When I was in junior high, my dad hustled in downtown LA, buying and selling clothes and jewelry, and I sometimes went along. On one of these trips, a man had some Seiko Diver’s watches for sale. I thought the Seiko was so beautiful—maybe it was how the shop owner explained to me that it was automatic and that it worked on movement. It blew my mind. I was a goner for watches from then on.
At that time, I attended a very good school. The kids were all wearing the [Casio] G-Shock. I had landed my first job, doing odd tasks for a couple who owned a house across the street from the motel we were living in. I made $1.50 an hour and was finally able to buy my own things. My first purchase was a pair of burgundy, high-top Chuck Taylors. My second was the $125 Seiko that had become my obsession.
When I wore the watch, it changed how the kids at school saw me. I wasn’t the kid who lived in a motel and wore fake branded sneakers. I had something legit and beautiful and cool. It gave me cred with the wealthy kids, but I was also charmed by the magic of the thing itself—all I had to do was wear it, and it would start working.
One day my father asked to borrow the watch. I felt crushed, knowing exactly what he would do. He pawned it. I told myself that one day I’d get another. For my 19th birthday, my girlfriend, who knew about my childhood and the loss of that watch, bought me the Seiko Diver’s timepiece that I still wear to this day. That girl, my high school sweetheart, became my wife, and together we have three kids.

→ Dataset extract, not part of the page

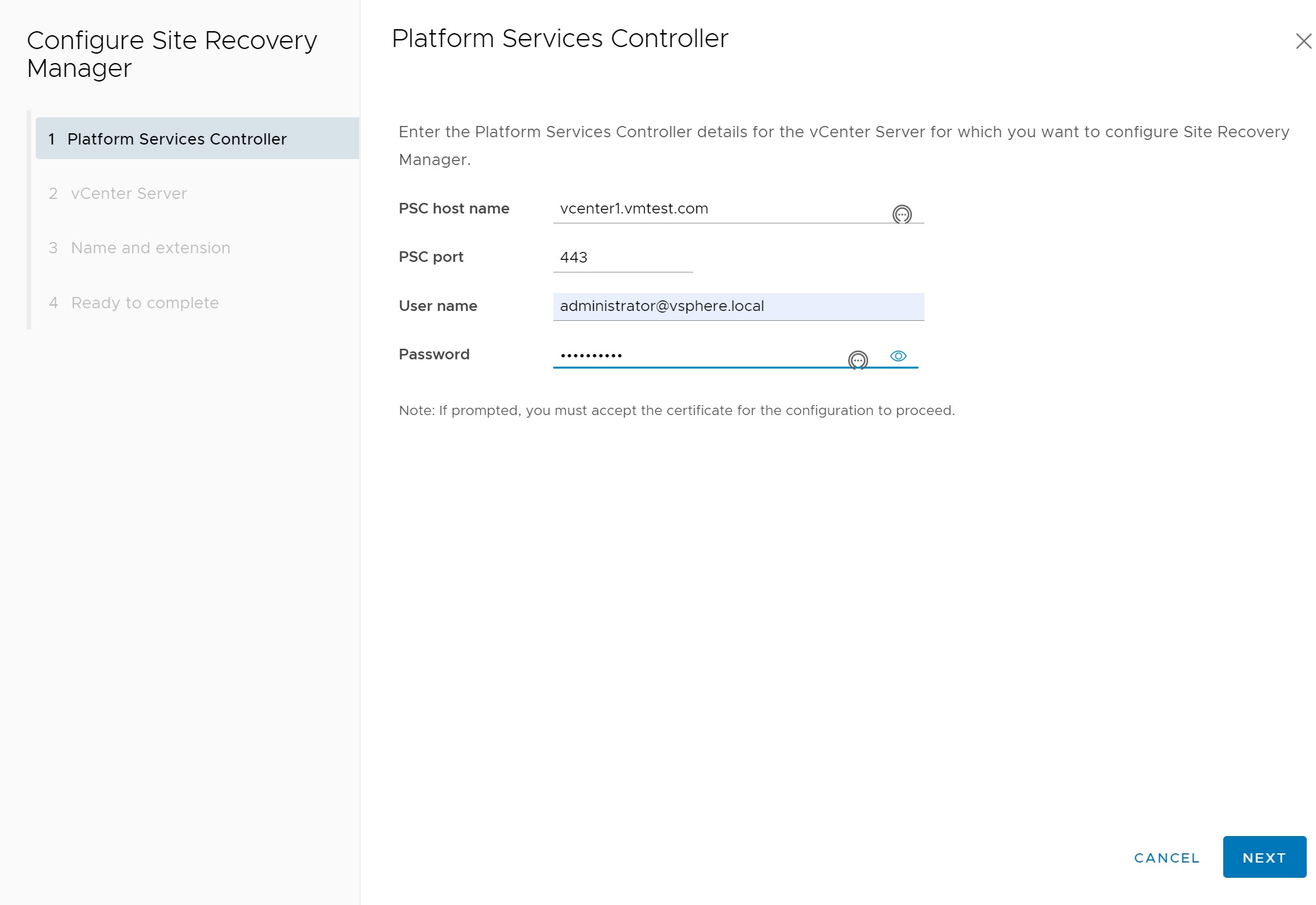 The first setup requires us to enter the vCenter server details (Platform Services Controller (PSC)), try and use FQDN

George Esquivel is a shoe designer for his eponymous label, based in Los Angeles. Courtesy of George Esquivel
Now I typically buy watches to mark a milestone in my business as a shoe designer. My first such purchase was a Cartier Santos 100 in 2006, bought to celebrate a deal we inked for a partnership and store with a group based in Asia. I fell for it when I read about its history as the first wristwatch created by Cartier. I tried it on at least 10 times before I bought it. After that, I was fully bitten by the bug.
When I joined Tumi as creative director in 2013, I went for an Omega GMT. I’m neurotic about knowing the time back home when I’m away, so whenever I travel, the Omega with its dual time zones is now on my wrist. And the double-wrap strap I made for it adds character and makes it truly my own.
Most of my watches are about utility. I’m at our workshop all the time, so I want something that isn’t too fragile and doesn’t look ruined if it gets scratched. The diver watches are meant to take a beating, and they look better as they get older.
My now-vintage Seiko is still my favorite, though, even as I’ve acquired more high-end pieces over the years. That watch has made such an impression on me that I actually gift it to others—my brothers all have one.
I sometimes buy pre-owned: You are still getting a beautiful watch, and if it’s good, it doesn’t need to be brand new. It is not as if the timepiece has miles like a car. It has history. I hold on only to those watches that I love, but I do regret selling a few of them. I miss my Cartier Santos; I also should have kept a few Rolexes. But if it’s just sitting in a drawer, why keep it?
I’ve taught my kids there’s nothing wrong with buying a brand if it’s something you adore, but you shouldn’t buy something just because everybody else has it. It’s the same thing with my watches. It’s not about what everybody else is wearing. True luxury is seeking things that make you happy.